Domovictus 100 (a whey powder), Consense (a permeate powder obtained by ultrafiltration of whey), and Hiprotal 660 (a whey protein powder with approx. 60% protein obtained as retentate with ultrafiltration) (all obtainable from Borculo Domo Ingredients) were tested using the above described protocol. The whey products all showed an anti-erosive effect as compared to the acidic beverages not containing the whey products; the best results were obtained with Consense, then with Domovictus 100, while the Hiprotal 660 fraction hardly had an effect.

EXAMPLE 4

Skimmed milk was subjected to ultrafiltration. The permeate was concentrated using spray drying. The spray dried product was compared with the same amount of the whey permeate Consense. Both the milk permeate and the whey permeate were found to have an anti-erosive effect in the same order of magnitude.

EXAMPLE 5

A specific fraction was isolated by increasing the pH of a whey permeate solution of 20% dry matter to 8.2 and heating said solution to 50° C. for 1 hour. The precipitate was removed by microfiltration over a 0.8 micron filter. Both filtrate and precipitate were tested using the above described test protocol. The anti-erosive effect of the whey protein permeate was concentrated in the precipitate.

EXAMPLE 6

To concentrate the active anti-erosive ingredients from permeate, a whey fraction with a high binding affinity for hydroxyapatite (a major component of tooth enamel) was isolated.

Particularly, 6.12 g Consense, 4 ml hydroxyapatite suspension, 12.5 ml 0.1M ammonia acetate buffer pH=4-5 were mixed and incubated at 25° C. in a shaking stove for 20 hours. Then, the mixture was centrifuged and washed with water (five times). Phosphate buffer (25 ml, 0.5M, pH =7.0) was subsequently added to the precipitate and during the next 4 hours desorption took place at room temperature. The supernatant was collected and dialysed with water during 24 hours. After this dialysis, the fraction was freeze dried. The freeze-dried product was tested for anti-erosive activity and was found to have distinctive anti-erosive effects.

EXAMPLE 7

In the standard etching fluid described above, calcium and/or phosphate ions were added in concentrations comparable to concentrations in Consense.

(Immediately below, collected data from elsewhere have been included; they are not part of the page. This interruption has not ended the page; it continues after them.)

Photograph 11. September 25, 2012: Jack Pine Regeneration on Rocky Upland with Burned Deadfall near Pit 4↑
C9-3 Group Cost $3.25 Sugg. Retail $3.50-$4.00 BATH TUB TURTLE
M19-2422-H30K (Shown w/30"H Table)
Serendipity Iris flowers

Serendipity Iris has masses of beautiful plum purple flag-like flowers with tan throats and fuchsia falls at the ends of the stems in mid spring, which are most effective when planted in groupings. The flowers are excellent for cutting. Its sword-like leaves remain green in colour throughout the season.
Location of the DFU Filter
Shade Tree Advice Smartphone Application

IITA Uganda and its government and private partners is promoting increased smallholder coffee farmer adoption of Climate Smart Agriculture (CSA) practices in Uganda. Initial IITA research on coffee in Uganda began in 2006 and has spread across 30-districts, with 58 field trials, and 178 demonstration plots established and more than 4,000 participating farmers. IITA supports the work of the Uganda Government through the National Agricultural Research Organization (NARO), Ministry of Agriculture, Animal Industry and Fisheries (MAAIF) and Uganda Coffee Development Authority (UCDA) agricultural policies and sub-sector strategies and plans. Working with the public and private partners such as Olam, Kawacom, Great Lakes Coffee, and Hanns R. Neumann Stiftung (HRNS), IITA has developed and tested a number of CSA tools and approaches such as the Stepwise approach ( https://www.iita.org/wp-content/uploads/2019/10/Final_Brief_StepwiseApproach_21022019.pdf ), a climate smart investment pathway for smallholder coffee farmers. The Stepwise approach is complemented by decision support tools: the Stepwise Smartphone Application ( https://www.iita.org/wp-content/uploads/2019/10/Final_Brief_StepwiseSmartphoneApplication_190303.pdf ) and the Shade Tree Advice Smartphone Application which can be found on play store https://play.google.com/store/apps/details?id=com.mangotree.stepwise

It was found that the anti-erosive effect of the permeate was independent on the calcium and phosphate concentrations.

EXAMPLE 8

A commercially available clear fruit drink, Vruchtenfris-citroen witte druif (Private label, The Netherlands) was purchased from a local supermarket. The fraction from example 5 was added at concentrations of 0.05%, 0.10% and 0.15%. The pH was adjusted with citric acid to a pH exactly in between the pH of the reference drink and the enriched drinks. All the drinks obtained as such were less erosive than the reference drink. The higher the concentration of the fraction, the more the erosion was reduced. Addition of the fraction followed by the pH-adjustment as described above resulted in drinks with a taste comparable to the reference drink.

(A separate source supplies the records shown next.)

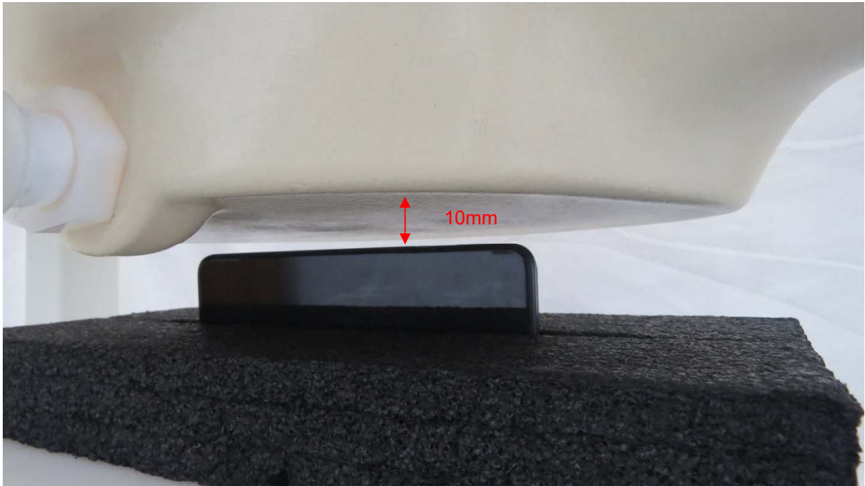
Picture 9: Left Side, the distance from handset to the bottom of the Phantom is 10mm
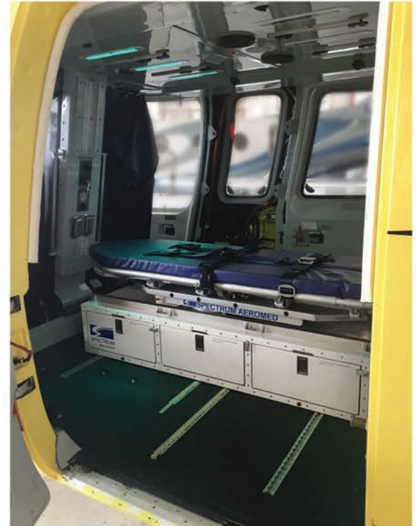
Pivot Stretcher and 3 Drawer Base
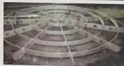
置料架 Loading frame
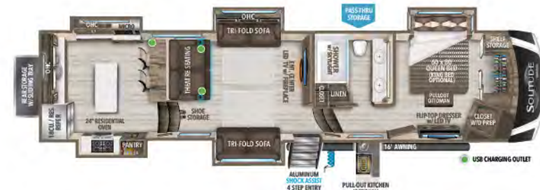
390RK UYW 1 HITCH 1 GVWR LENGTH 1 HEIGHT CAPACITY 390RK-R 14,562 2,794 16,800 41' 5" 13' 5" 93 106 53
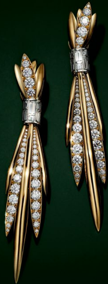
EARRINGS IN PLATINUM AND 18K YELLOW GOLD WITH BAGUETTE AND ROUND BRILLIANT DIAMONDS.
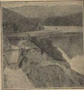
Arrowrock Dam, Boise, Idaho
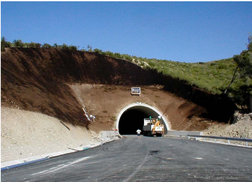
4. Spraying substrate for filling in the TRINTER mesh. Hydroseeding treatment □ □
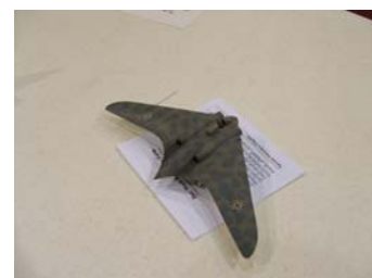
Pioneer Gatha Go 229 wing Aircraft Jet 1/49 to 1/72 by Larry Landis Central Pennsylvania Model Car Club
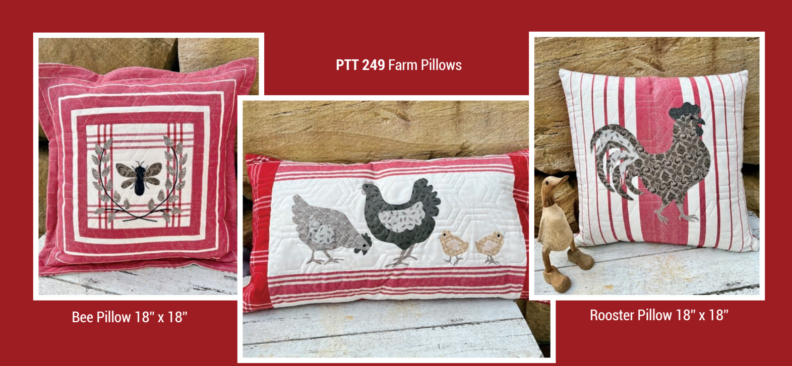
Hen And Chick Pillow 18" x 32"
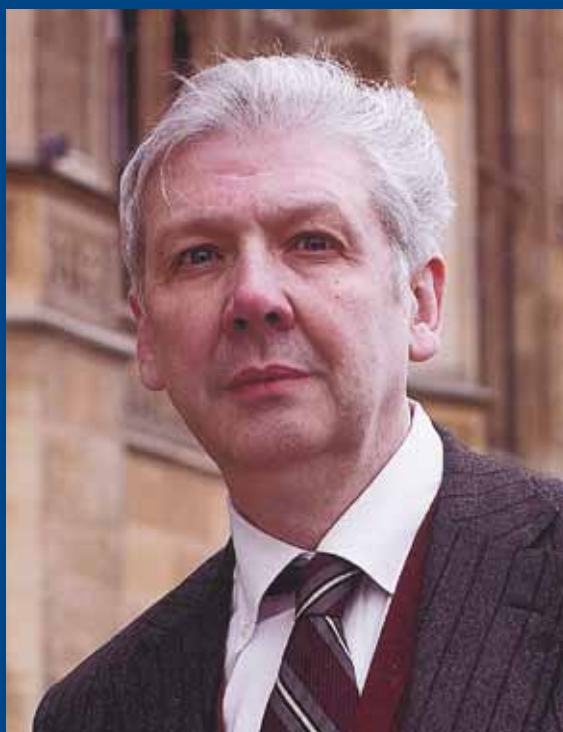
Lord Bew Crossbench, House of Lords.
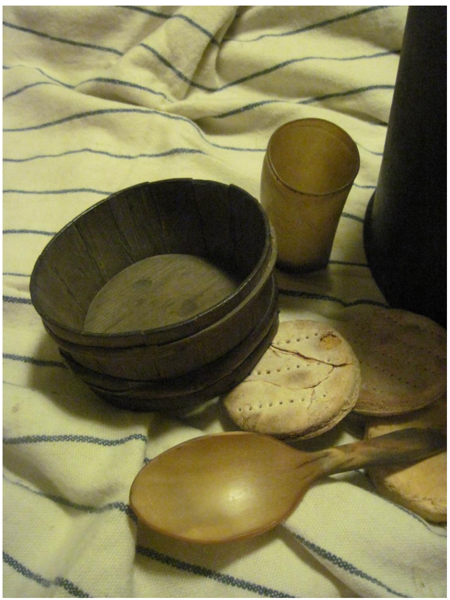
Soldier's mess bowl (original artifact), see article above.

http://www.scribd.com/doc/123562525/%E2%80%9CThe-common-necessaries-of-life-%E2%80%A6%E2%80%9D-A-Revolutionary-Soldier%E2%80%99s-Wooden-Bowl or http://tinyurl.com/at3dj3e

As a control, the pH of the reference drink was also adjusted with NaOH to values comparable to the pH's of the enriched drinks. Increasing of the pH had only a small anti-erosive effect. The effect of increasing the pH alone on dental erosion was much less than the effect of enriching the drinks with the fraction of example 5.

COMPARATIVE EXAMPLE 9

A commercially available casein phosphopeptide product (ex DMV, the Netherlands) was tested on anti-erosive fraction. No anti-erosive effect was found.